• REQUIRED WORK
Restate, in full and unchanged, the entries that follow, but not their pictures.

• RECORDS TO USE
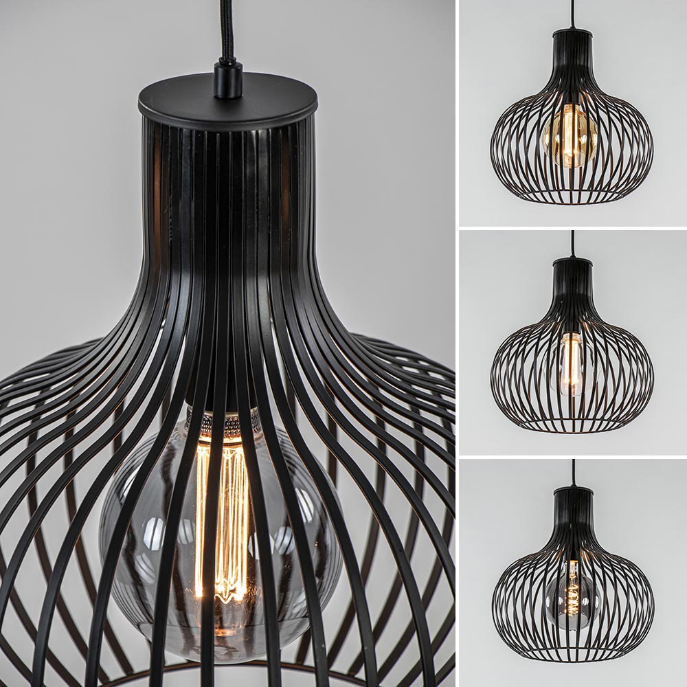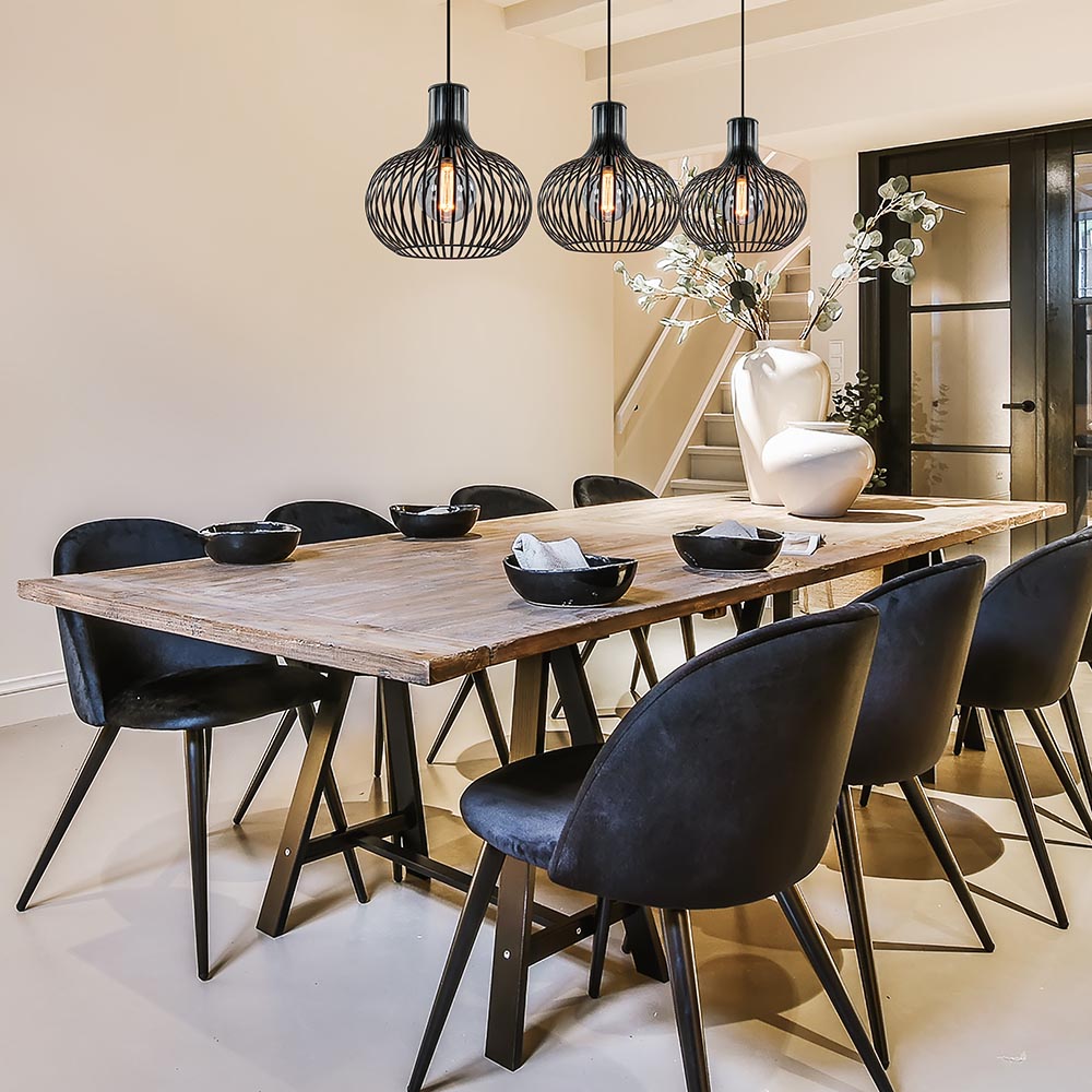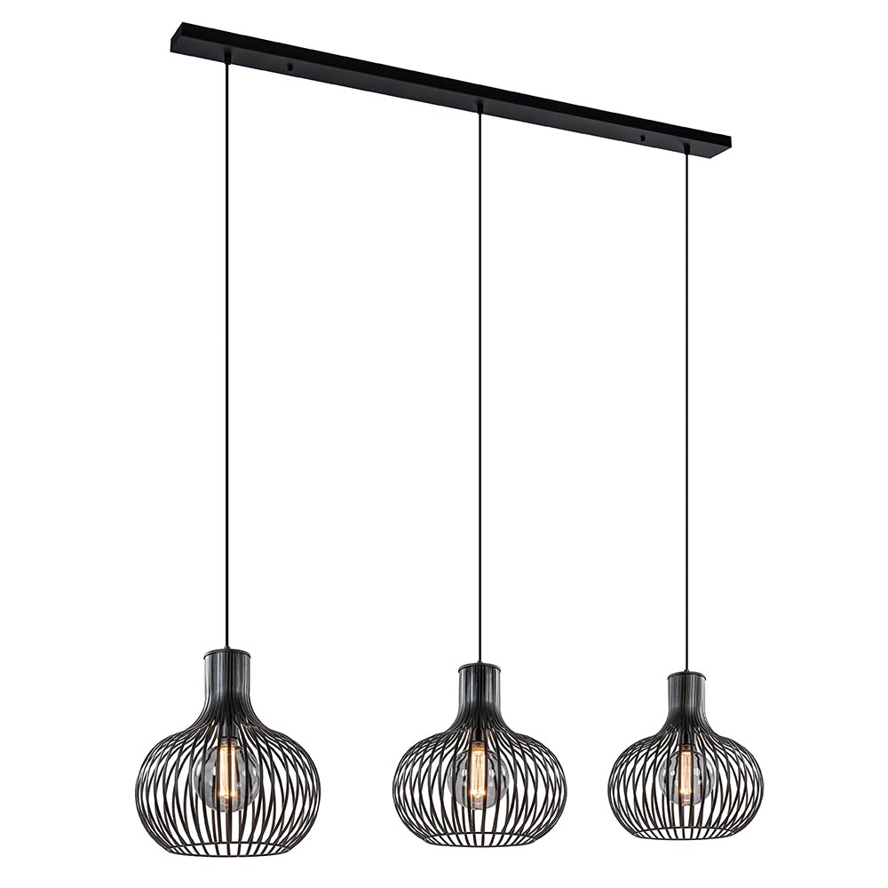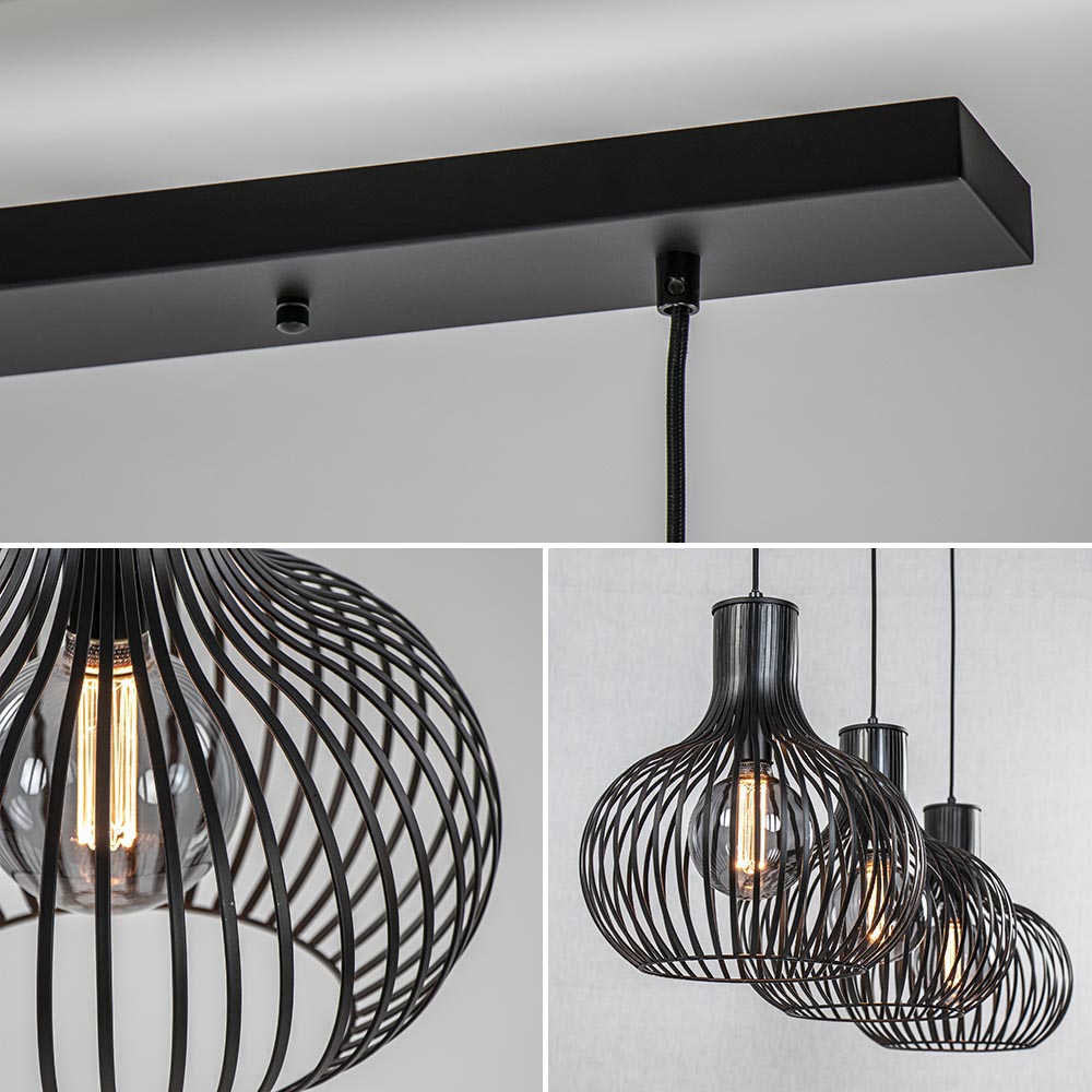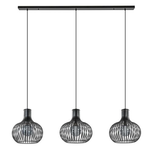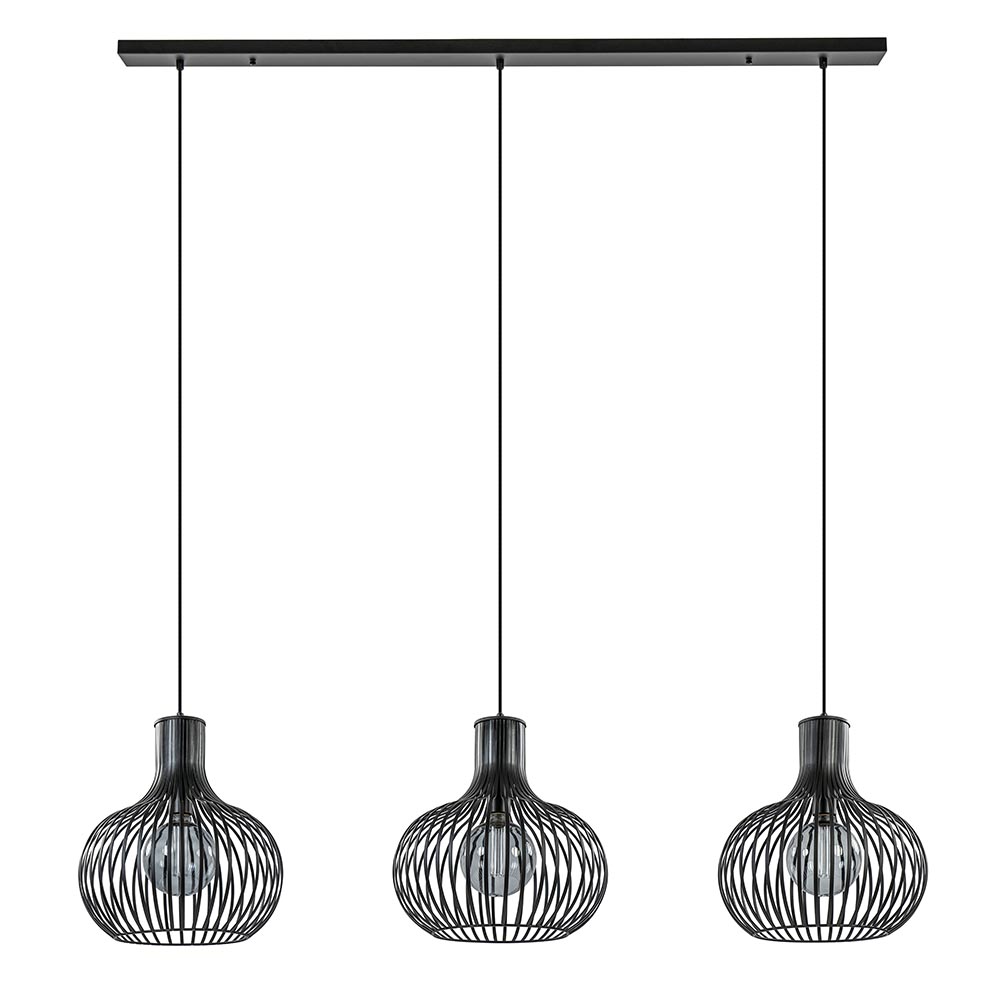 Een sfeervolle toevoeging aan uw eetkamer of keuken. Deze moderne 3-lichts hanglamp zorgt door de open structuur voor een fijne lichtverspreiding die met de juiste lichtbron ook direct zorgt voor de juiste sfeer. De hanglamp is voorzien van drie metalen draadkappen die zijn afgewerkt met een mat zwarte finish. De kappen zijn ui-vormig en hangen aan zwarte stof omwonden snoeren die naar wens zijn in te korten. De maximale hoogte van de 3-lichts hanglamp is 195 cm zodat deze ook geschikt is voor een ruimte met een hoog plafond. De draad hanglamp wordt aan het plafond bevestigd met een mat zwarte balk van 130 cm om het geheel af te maken.
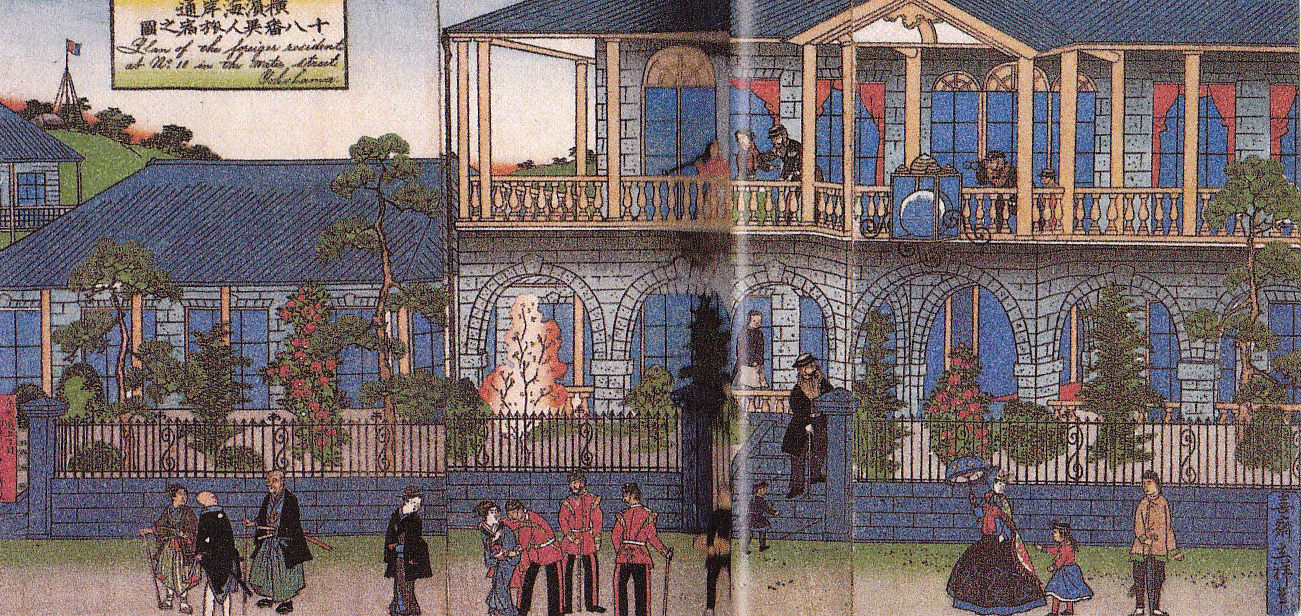 【横浜海岸通 十八番異人旅宿之図(二代歌川広重、1869年頃)】
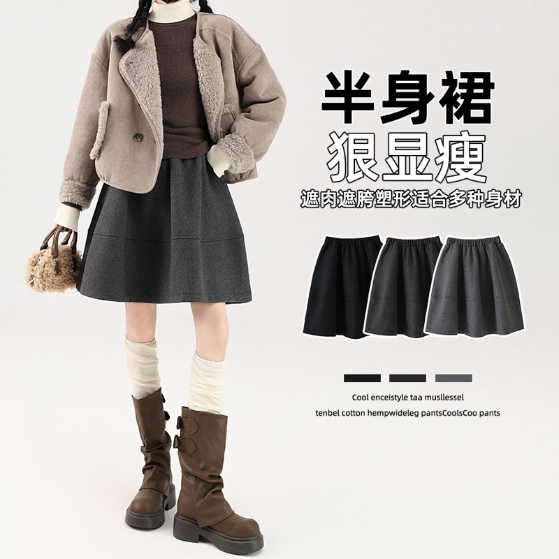 简约风毛呢A字半身裙高腰显瘦遮跨中裙miu系灰色中长款秋冬高级感
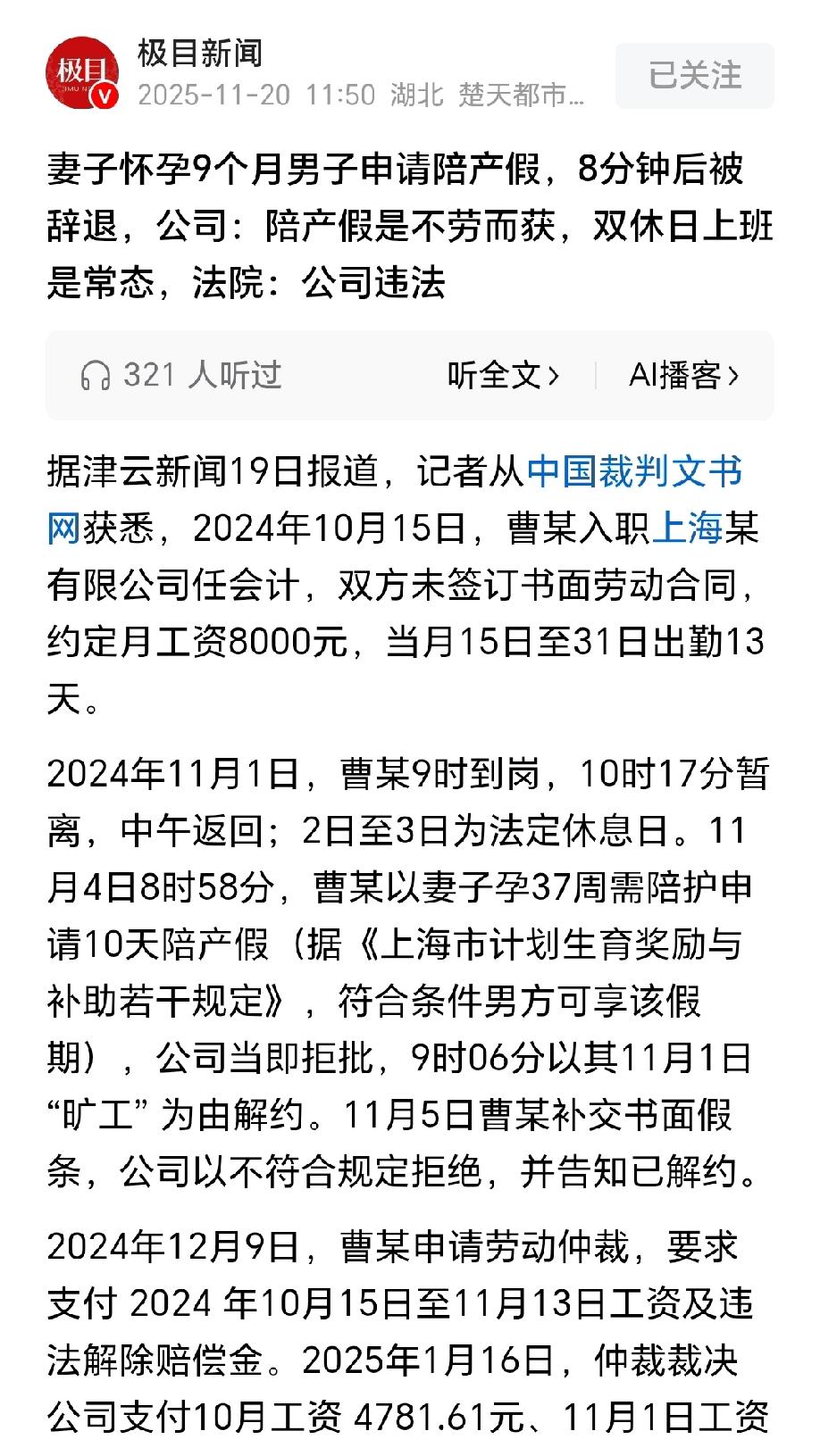 上海,妻子怀孕37周,眼看着马上就要生产,生活也不方便,男子按照当地规定向公司申请10天陪产假,没想到,公司不仅不批假,反而找了个“旷工”的理由开除男子。男子非常委屈,先后提起仲裁和诉讼,要求公司支付他的工资和违法解除合同赔偿金。公司:男子就是想借陪产假不劳而获,公司双休日上班是常态,男子周末没来上班,就是旷工。网友:难怪现在的年轻人都不敢生孩子,请个假太难了。 2024年10月15日,男子曹某成功入职了一家公司做会计,约定月薪8000元,但没签书面劳动合同。 曹某也没想太多,只要有份工作能养家糊口,合同签不签都不重要,他不在乎这些“虚礼”。 入职以后,曹某干劲十足,他知道家里妻子已经怀孕8个多月,眼看就到预产期,他得多挣点钱,给即将出生的宝宝攒奶粉钱。 之后的半个月里,曹某勤勤恳恳出勤13天,从没出过差错,本以为得到了上司的肯定,可没想到,一次陪产假,让他看清了公司的真面目。 11月1日,曹某像往常一样按时到岗上班,上午10点多临时出去了一趟,中午又赶回公司上班。 这本是再正常不过的工作节奏,却成了后来公司发难的“把柄”。 11月2日和3日是法定双休日,曹某按规定休息,正好照顾照顾怀孕的妻子,毕竟怀孕37周,行动不便不说,随时还可能生产。 曹某知道,上海这边有规定,男方可以享受10天的陪产假,为了让妻子能顺利生产,他打算周一上班找领导请假,安心的照顾妻儿。 11月4日一早,曹某刚到公司就提交了陪产假申请,想着这事儿应该顺理成章。 可他话音刚落,就被公司一口回绝,更让他震惊的是,短短8分钟后,公司就扔出了解除劳动合同通知书,理由竟是“11月1日旷工”。 曹某拿着通知书,实在有些不理解,他明明到岗了,怎么就旷工了? 妻子马上要生,正是需要人照顾的时候,自己不仅没拿到陪产假,还丢了工作,这不是让他雪上加霜吗? 曹某不甘心,11月5日特意补交了书面假条,可公司依旧不认可,还是执意认定他旷工。 公司简直太没人情味,只有赤裸裸的压榨,为了讨回公道,曹某申请了劳动仲裁,要求公司支付10月到11月的工资,以及违法解除合同的赔偿金。 一个月后,仲裁结果下来了,公司只需要支付拖欠的10月份工资4781.61元和11月1日的工资59元,并没有支持违法解除合同的赔偿金。 这个结果让曹某难以接受,公司明明违法开除,怎么还不用赔赔偿金?他当即决定起诉。 法院审理查明,曹某11月1日有明确到岗记录,公司说他旷工根本不成立。 更重要的是,公司用来解约的员工管理条例,既没证明是民主程序制定的,也没公示过,完全属于非法解除劳动合同。 依据《劳动合同法》第四十八条规定,用人单位违反本法规定解除或者终止劳动合同,劳动者要求继续履行劳动合同的,用人单位应当继续履行;劳动者不要求继续履行劳动合同或者劳动合同已经不能继续履行的,用人单位应当支付双倍赔偿金。 最终,法院认定公司属于违法解除劳动合同,公司需要支付曹某2N的赔偿金,共计赔偿8000元。 这一次,公司又不服,还提起了上诉,理由更是荒唐又离谱。 公司表示,曹某申请陪产假就是想借着这个机会不劳而获,甚至还声称公司双休日上班是常态,曹某周末不来上班,完全属于旷工,公司开除他完全属于合理合法。 然而,公司并没有提供新的证据,口说无凭,而且这样的说辞更是违反了法律强制性规定。 根据《劳动法》第三十八条规定,用人单位应当保证劳动者每周至少休息一日。 公司可以要求员工加班,但法律也有强制性要求,规定了加班的上限,也强制要求保障员工的休息权。 公司双休日上班是常态,这样的说辞完全是无视法律规定,侵害了员工的休息权。 更何况,二审法院也查明,曹某并不存在公司所说的旷工事由,完全属于违法解除劳动合同。 最终,二审法院维持了一审判决,驳回了公司的上诉,案件受理费也由公司承担。 劳动者的合法权益受法律保护,公司不能凭着主观推测就随意开除员工,更不能无视法律规定,把加班常态化当成理所当然。 陪产假属于员工的合法权益,更是保障下一代的健康出生,如果正常请假都难以得到批准,还被公司为难,哪个年轻人还愿意生孩子呢? 冬日生活打卡季
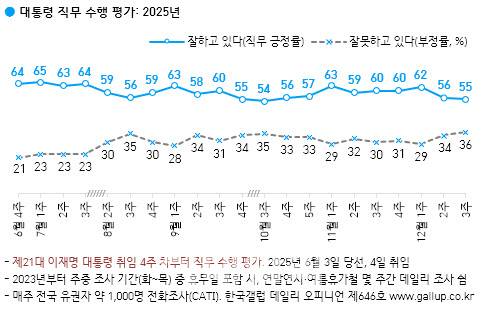 李대통령 지지율 55%...전주대비 1%p 하락[한국갤럽]

• TASK RESULT
 Een sfeervolle toevoeging aan uw eetkamer of keuken. Deze moderne 3-lichts hanglamp zorgt door de open structuur voor een fijne lichtverspreiding die met de juiste lichtbron ook direct zorgt voor de juiste sfeer. De hanglamp is voorzien van drie metalen draadkappen die zijn afgewerkt met een mat zwarte finish. De kappen zijn ui-vormig en hangen aan zwarte stof omwonden snoeren die naar wens zijn in te korten. De maximale hoogte van de 3-lichts hanglamp is 195 cm zodat deze ook geschikt is voor een ruimte met een hoog plafond. De draad hanglamp wordt aan het plafond bevestigd met een mat zwarte balk van 130 cm om het geheel af te maken.
 【横浜海岸通 十八番異人旅宿之図(二代歌川広重、1869年頃)】
 简约风毛呢A字半身裙高腰显瘦遮跨中裙miu系灰色中长款秋冬高级感
 上海,妻子怀孕37周,眼看着马上就要生产,生活也不方便,男子按照当地规定向公司申请10天陪产假,没想到,公司不仅不批假,反而找了个“旷工”的理由开除男子。男子非常委屈,先后提起仲裁和诉讼,要求公司支付他的工资和违法解除合同赔偿金。公司:男子就是想借陪产假不劳而获,公司双休日上班是常态,男子周末没来上班,就是旷工。网友:难怪现在的年轻人都不敢生孩子,请个假太难了。 2024年10月15日,男子曹某成功入职了一家公司做会计,约定月薪8000元,但没签书面劳动合同。 曹某也没想太多,只要有份工作能养家糊口,合同签不签都不重要,他不在乎这些“虚礼”。 入职以后,曹某干劲十足,他知道家里妻子已经怀孕8个多月,眼看就到预产期,他得多挣点钱,给即将出生的宝宝攒奶粉钱。 之后的半个月里,曹某勤勤恳恳出勤13天,从没出过差错,本以为得到了上司的肯定,可没想到,一次陪产假,让他看清了公司的真面目。 11月1日,曹某像往常一样按时到岗上班,上午10点多临时出去了一趟,中午又赶回公司上班。 这本是再正常不过的工作节奏,却成了后来公司发难的“把柄”。 11月2日和3日是法定双休日,曹某按规定休息,正好照顾照顾怀孕的妻子,毕竟怀孕37周,行动不便不说,随时还可能生产。 曹某知道,上海这边有规定,男方可以享受10天的陪产假,为了让妻子能顺利生产,他打算周一上班找领导请假,安心的照顾妻儿。 11月4日一早,曹某刚到公司就提交了陪产假申请,想着这事儿应该顺理成章。 可他话音刚落,就被公司一口回绝,更让他震惊的是,短短8分钟后,公司就扔出了解除劳动合同通知书,理由竟是“11月1日旷工”。 曹某拿着通知书,实在有些不理解,他明明到岗了,怎么就旷工了? 妻子马上要生,正是需要人照顾的时候,自己不仅没拿到陪产假,还丢了工作,这不是让他雪上加霜吗? 曹某不甘心,11月5日特意补交了书面假条,可公司依旧不认可,还是执意认定他旷工。 公司简直太没人情味,只有赤裸裸的压榨,为了讨回公道,曹某申请了劳动仲裁,要求公司支付10月到11月的工资,以及违法解除合同的赔偿金。 一个月后,仲裁结果下来了,公司只需要支付拖欠的10月份工资4781.61元和11月1日的工资59元,并没有支持违法解除合同的赔偿金。 这个结果让曹某难以接受,公司明明违法开除,怎么还不用赔赔偿金?他当即决定起诉。 法院审理查明,曹某11月1日有明确到岗记录,公司说他旷工根本不成立。 更重要的是,公司用来解约的员工管理条例,既没证明是民主程序制定的,也没公示过,完全属于非法解除劳动合同。 依据《劳动合同法》第四十八条规定,用人单位违反本法规定解除或者终止劳动合同,劳动者要求继续履行劳动合同的,用人单位应当继续履行;劳动者不要求继续履行劳动合同或者劳动合同已经不能继续履行的,用人单位应当支付双倍赔偿金。 最终,法院认定公司属于违法解除劳动合同,公司需要支付曹某2N的赔偿金,共计赔偿8000元。 这一次,公司又不服,还提起了上诉,理由更是荒唐又离谱。 公司表示,曹某申请陪产假就是想借着这个机会不劳而获,甚至还声称公司双休日上班是常态,曹某周末不来上班,完全属于旷工,公司开除他完全属于合理合法。 然而,公司并没有提供新的证据,口说无凭,而且这样的说辞更是违反了法律强制性规定。 根据《劳动法》第三十八条规定,用人单位应当保证劳动者每周至少休息一日。 公司可以要求员工加班,但法律也有强制性要求,规定了加班的上限,也强制要求保障员工的休息权。 公司双休日上班是常态,这样的说辞完全是无视法律规定,侵害了员工的休息权。 更何况,二审法院也查明,曹某并不存在公司所说的旷工事由,完全属于违法解除劳动合同。 最终,二审法院维持了一审判决,驳回了公司的上诉,案件受理费也由公司承担。 劳动者的合法权益受法律保护,公司不能凭着主观推测就随意开除员工,更不能无视法律规定,把加班常态化当成理所当然。 陪产假属于员工的合法权益,更是保障下一代的健康出生,如果正常请假都难以得到批准,还被公司为难,哪个年轻人还愿意生孩子呢? 冬日生活打卡季
 李대통령 지지율 55%...전주대비 1%p 하락[한국갤럽]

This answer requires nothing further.